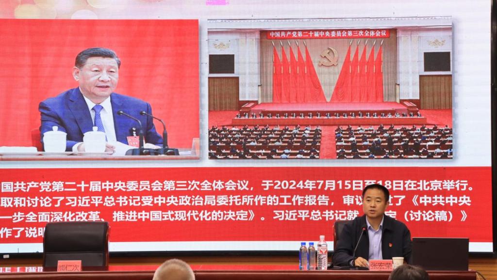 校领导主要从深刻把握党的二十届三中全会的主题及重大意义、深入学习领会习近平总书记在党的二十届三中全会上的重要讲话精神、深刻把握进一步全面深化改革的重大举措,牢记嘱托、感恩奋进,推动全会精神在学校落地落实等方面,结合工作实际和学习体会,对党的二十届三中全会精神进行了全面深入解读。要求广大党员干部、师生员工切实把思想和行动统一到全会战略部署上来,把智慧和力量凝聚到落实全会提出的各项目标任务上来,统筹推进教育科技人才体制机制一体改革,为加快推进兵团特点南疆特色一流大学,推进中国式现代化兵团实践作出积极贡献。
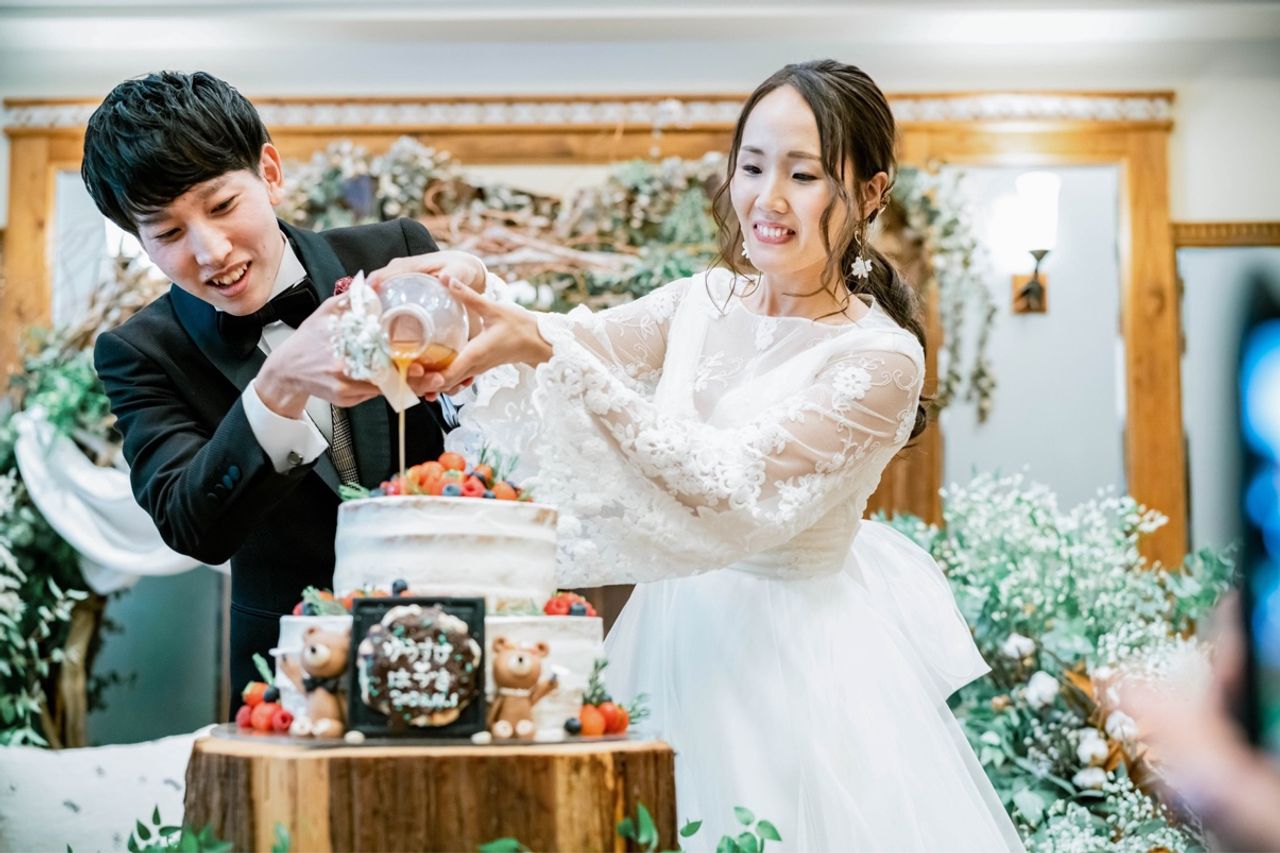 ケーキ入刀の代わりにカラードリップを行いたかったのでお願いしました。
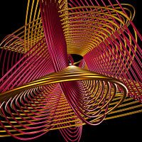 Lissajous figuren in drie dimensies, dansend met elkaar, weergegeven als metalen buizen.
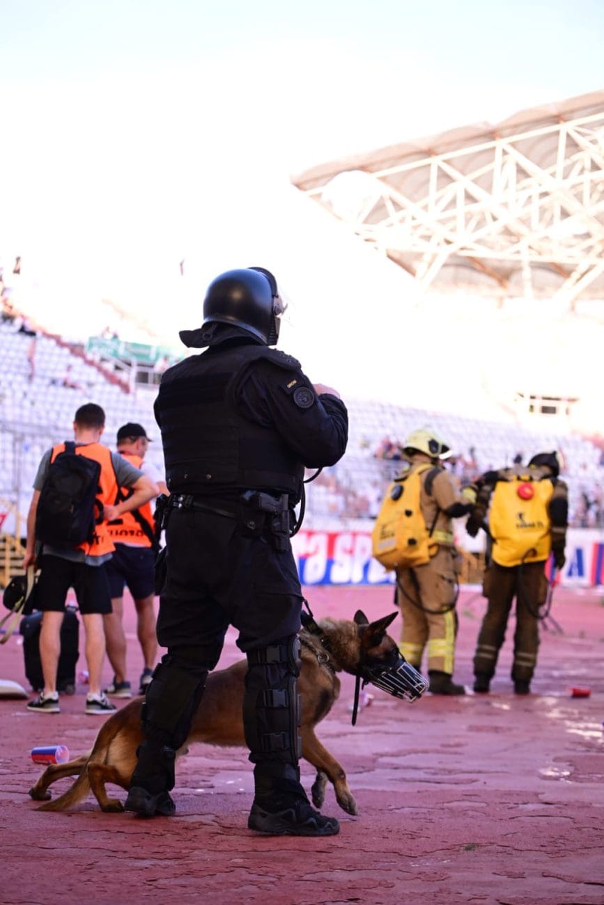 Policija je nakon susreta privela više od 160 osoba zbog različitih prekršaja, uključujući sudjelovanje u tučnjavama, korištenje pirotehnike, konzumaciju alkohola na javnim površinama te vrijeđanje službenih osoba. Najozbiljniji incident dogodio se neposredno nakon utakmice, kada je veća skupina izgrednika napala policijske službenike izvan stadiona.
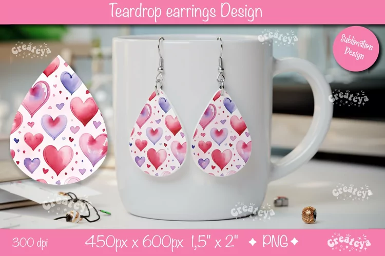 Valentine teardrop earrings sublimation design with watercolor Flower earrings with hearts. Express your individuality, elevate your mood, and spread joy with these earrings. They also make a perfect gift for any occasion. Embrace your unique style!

┄┄┄┄┄┄┄┄┄┄

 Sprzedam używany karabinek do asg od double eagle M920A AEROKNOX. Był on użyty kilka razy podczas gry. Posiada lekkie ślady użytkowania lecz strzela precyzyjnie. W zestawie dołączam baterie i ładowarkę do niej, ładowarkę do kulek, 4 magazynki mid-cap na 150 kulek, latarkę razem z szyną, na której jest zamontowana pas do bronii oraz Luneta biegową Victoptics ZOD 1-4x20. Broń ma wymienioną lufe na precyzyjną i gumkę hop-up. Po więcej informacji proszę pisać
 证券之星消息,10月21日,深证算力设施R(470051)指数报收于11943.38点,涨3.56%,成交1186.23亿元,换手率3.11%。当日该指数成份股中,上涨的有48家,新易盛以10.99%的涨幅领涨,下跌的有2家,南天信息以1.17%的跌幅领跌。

┄┄┄┄┄┄┄┄┄┄

> Exercise directions: Copy the stretch of the records above that runs from the line with "Sprzedam używany karabinek" through the line with "证券之星消息,10月21日,深证算力设施". Both end lines belong in the copy, and nothing else does.

> Completed exercise:
 Sprzedam używany karabinek do asg od double eagle M920A AEROKNOX. Był on użyty kilka razy podczas gry. Posiada lekkie ślady użytkowania lecz strzela precyzyjnie. W zestawie dołączam baterie i ładowarkę do niej, ładowarkę do kulek, 4 magazynki mid-cap na 150 kulek, latarkę razem z szyną, na której jest zamontowana pas do bronii oraz Luneta biegową Victoptics ZOD 1-4x20. Broń ma wymienioną lufe na precyzyjną i gumkę hop-up. Po więcej informacji proszę pisać
 证券之星消息,10月21日,深证算力设施R(470051)指数报收于11943.38点,涨3.56%,成交1186.23亿元,换手率3.11%。当日该指数成份股中,上涨的有48家,新易盛以10.99%的涨幅领涨,下跌的有2家,南天信息以1.17%的跌幅领跌。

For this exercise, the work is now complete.